● **Dataset content**:
▬▬▬
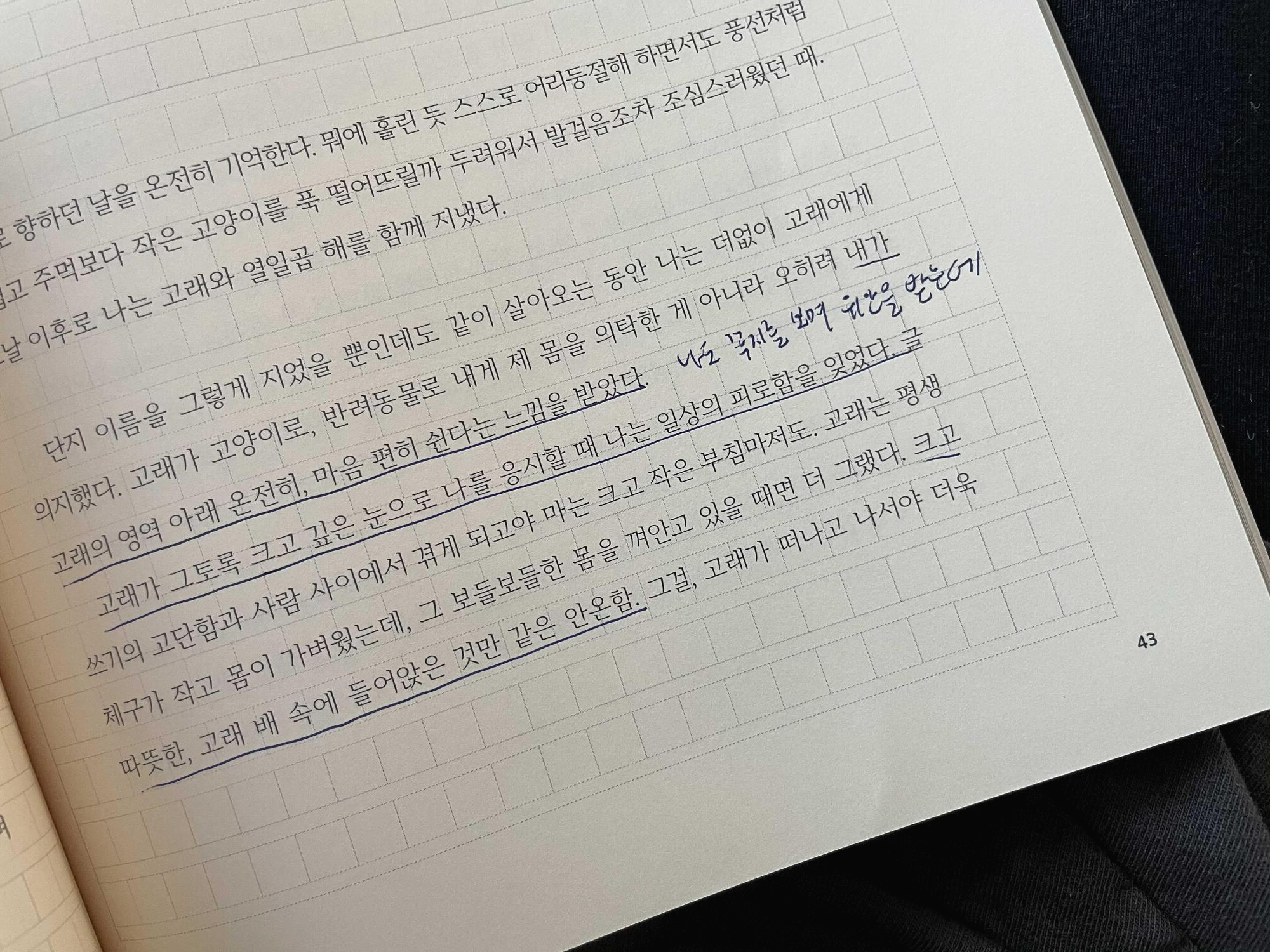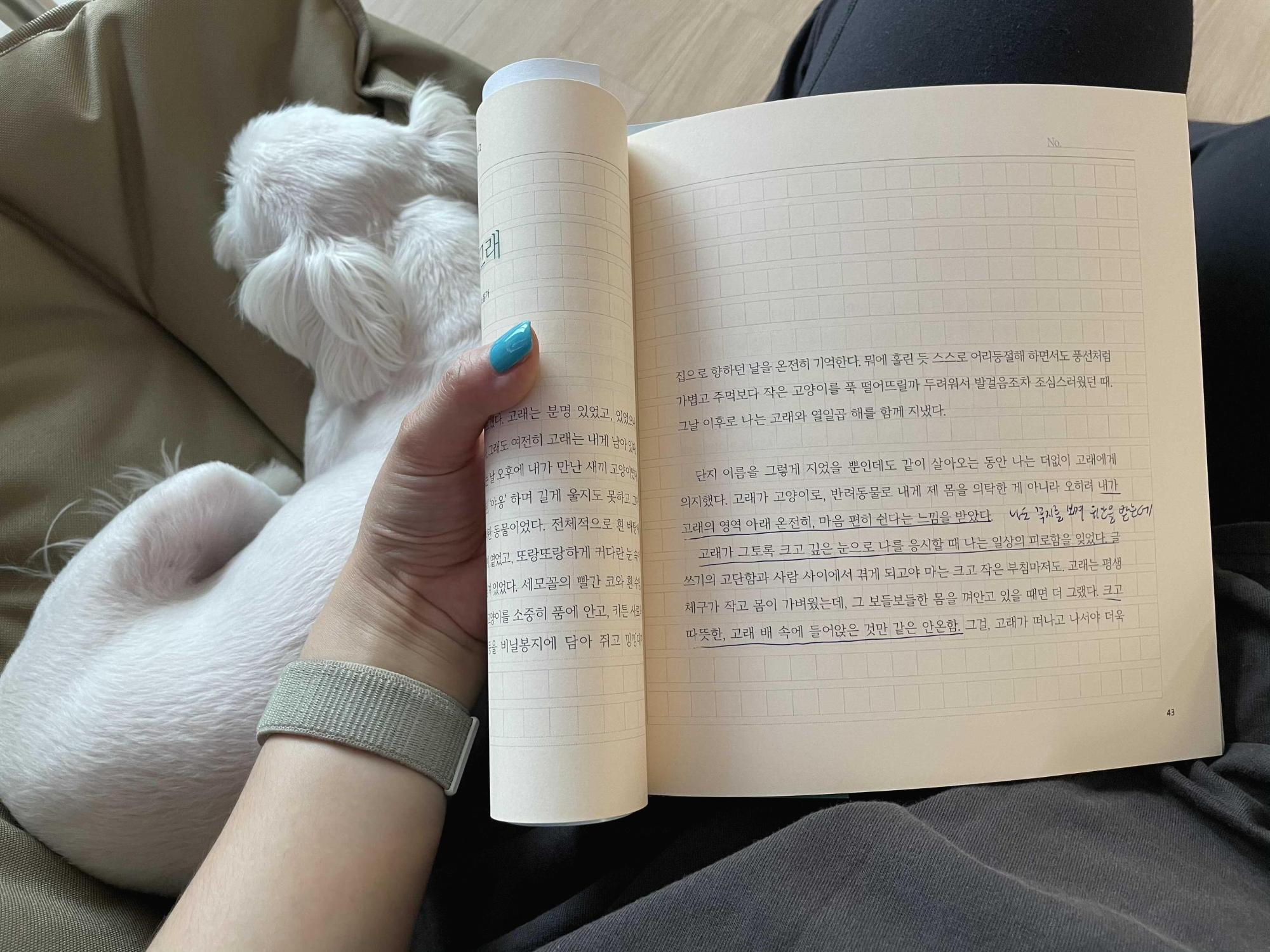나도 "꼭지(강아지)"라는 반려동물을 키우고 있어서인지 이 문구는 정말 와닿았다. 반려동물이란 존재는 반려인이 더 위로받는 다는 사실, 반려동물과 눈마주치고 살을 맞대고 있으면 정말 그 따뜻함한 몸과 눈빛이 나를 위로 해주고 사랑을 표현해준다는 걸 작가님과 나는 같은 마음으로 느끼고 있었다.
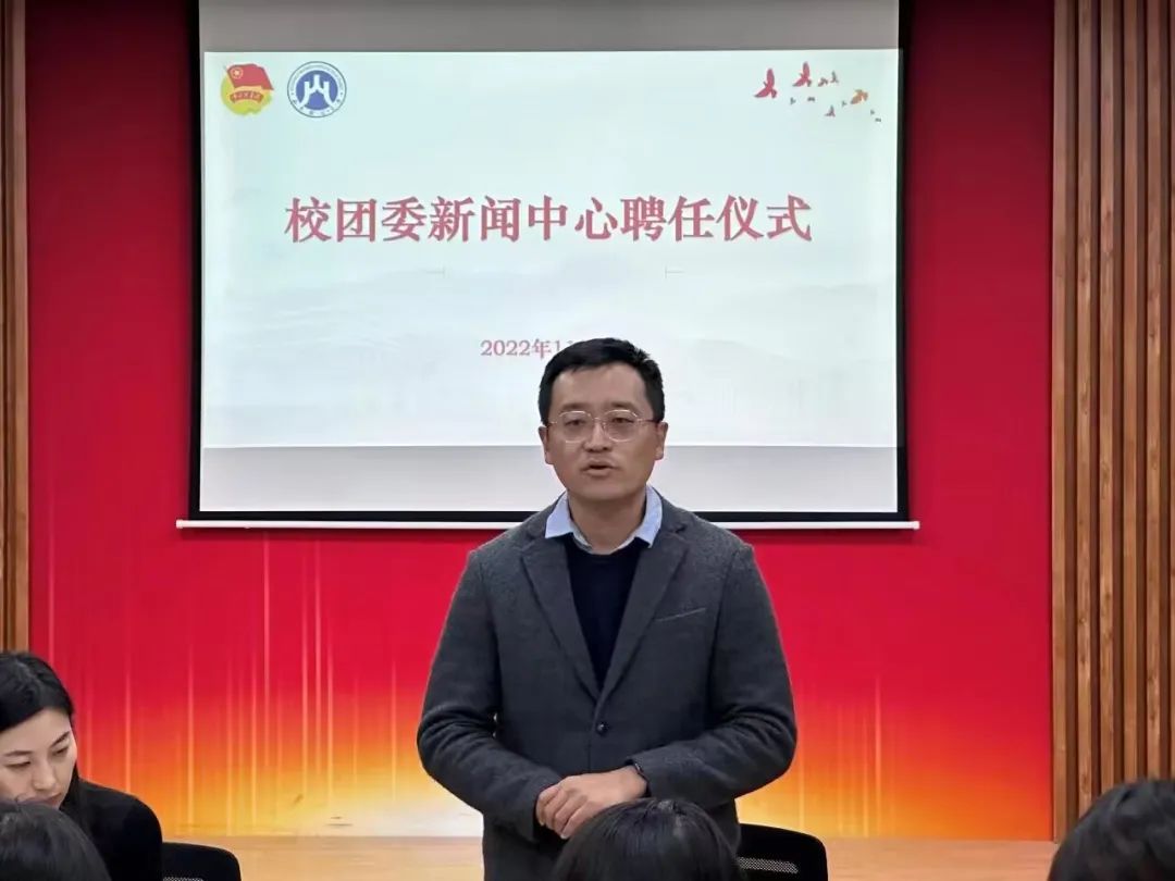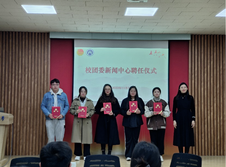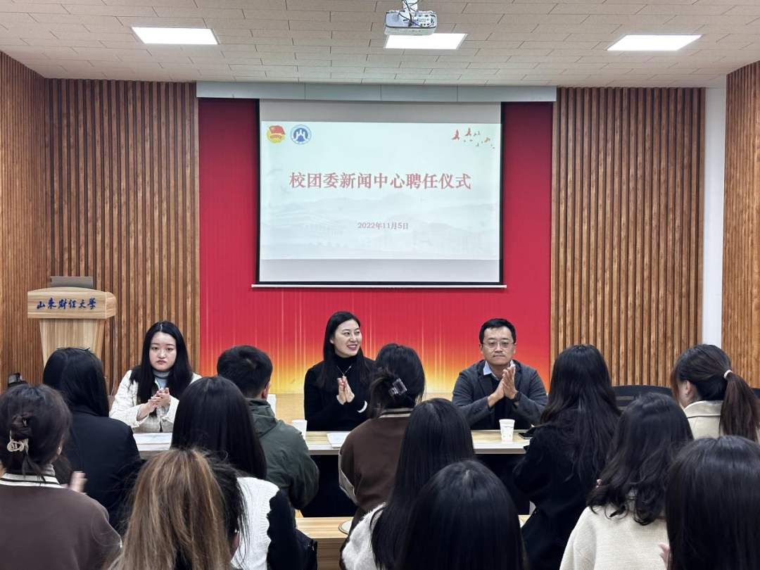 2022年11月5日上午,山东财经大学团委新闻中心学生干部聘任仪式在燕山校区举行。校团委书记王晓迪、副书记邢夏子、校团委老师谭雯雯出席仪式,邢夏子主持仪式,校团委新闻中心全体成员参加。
▬▬▬
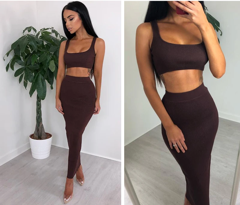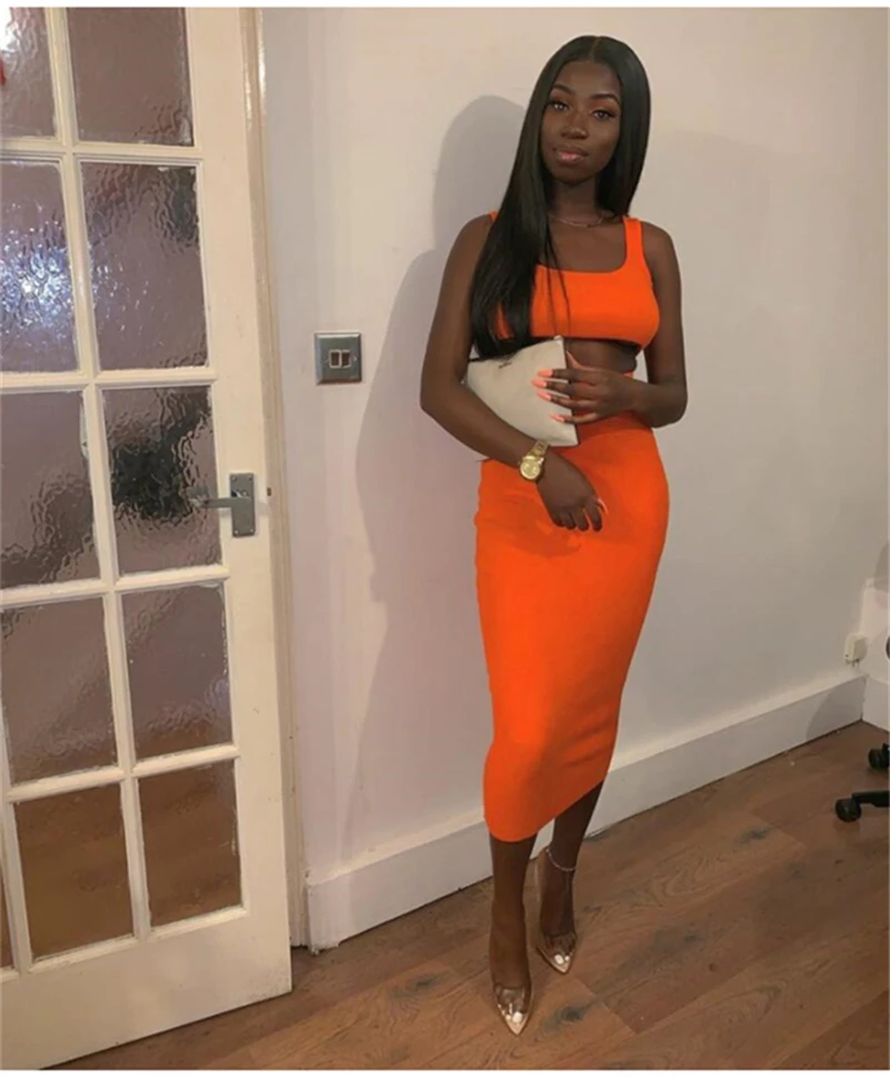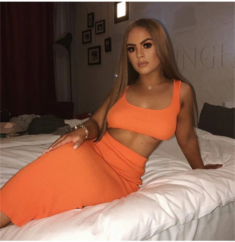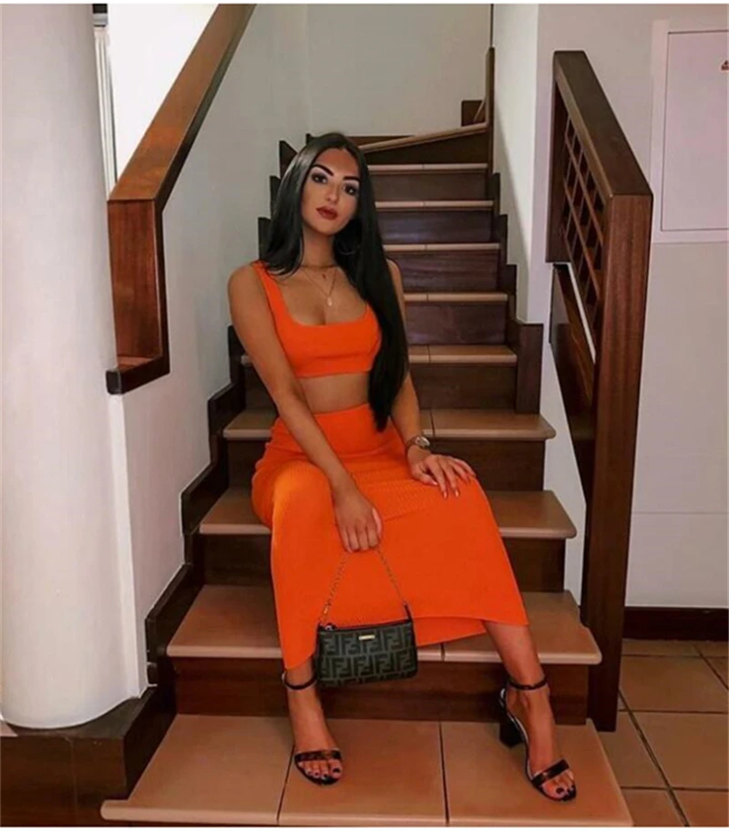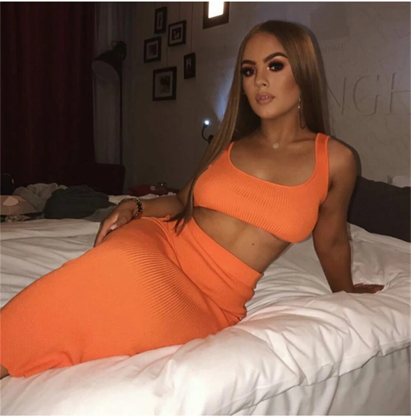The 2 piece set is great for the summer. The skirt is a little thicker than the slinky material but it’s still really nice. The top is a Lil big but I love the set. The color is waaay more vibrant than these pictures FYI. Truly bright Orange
▬▬▬
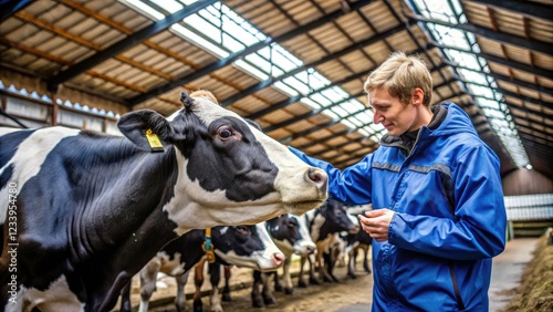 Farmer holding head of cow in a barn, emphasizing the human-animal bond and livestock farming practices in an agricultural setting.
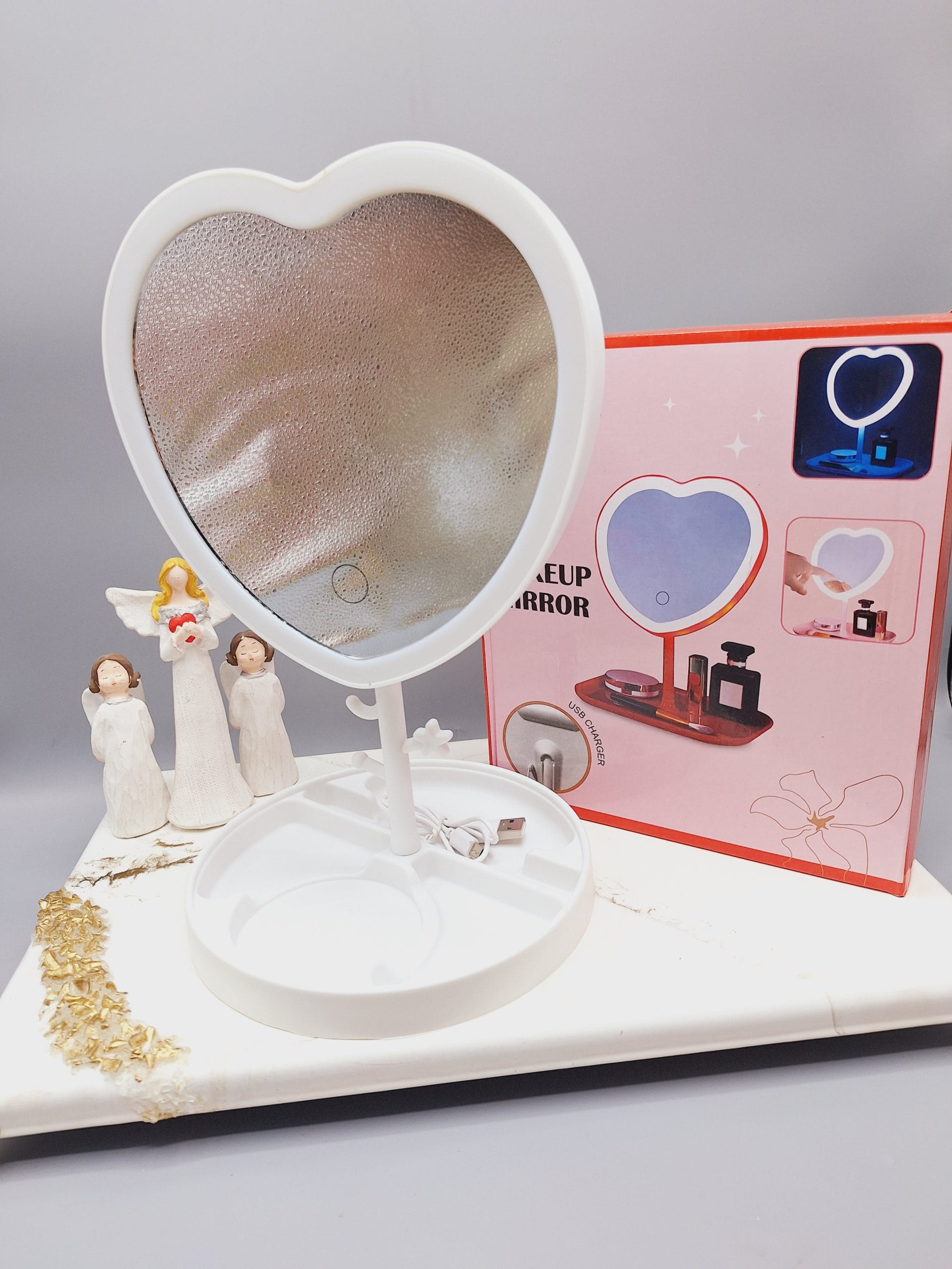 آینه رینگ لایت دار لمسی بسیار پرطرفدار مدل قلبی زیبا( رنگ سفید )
▬▬▬
● **Required action**: In the data above, the stretch from the line with "마음으로 느끼고 있었다." through the line with "2022年11月5日上午,山" is to be returned exactly, minus any pictures.

● **Response area**:
나도 "꼭지(강아지)"라는 반려동물을 키우고 있어서인지 이 문구는 정말 와닿았다. 반려동물이란 존재는 반려인이 더 위로받는 다는 사실, 반려동물과 눈마주치고 살을 맞대고 있으면 정말 그 따뜻함한 몸과 눈빛이 나를 위로 해주고 사랑을 표현해준다는 걸 작가님과 나는 같은 마음으로 느끼고 있었다.
 2022年11月5日上午,山东财经大学团委新闻中心学生干部聘任仪式在燕山校区举行。校团委书记王晓迪、副书记邢夏子、校团委老师谭雯雯出席仪式,邢夏子主持仪式,校团委新闻中心全体成员参加。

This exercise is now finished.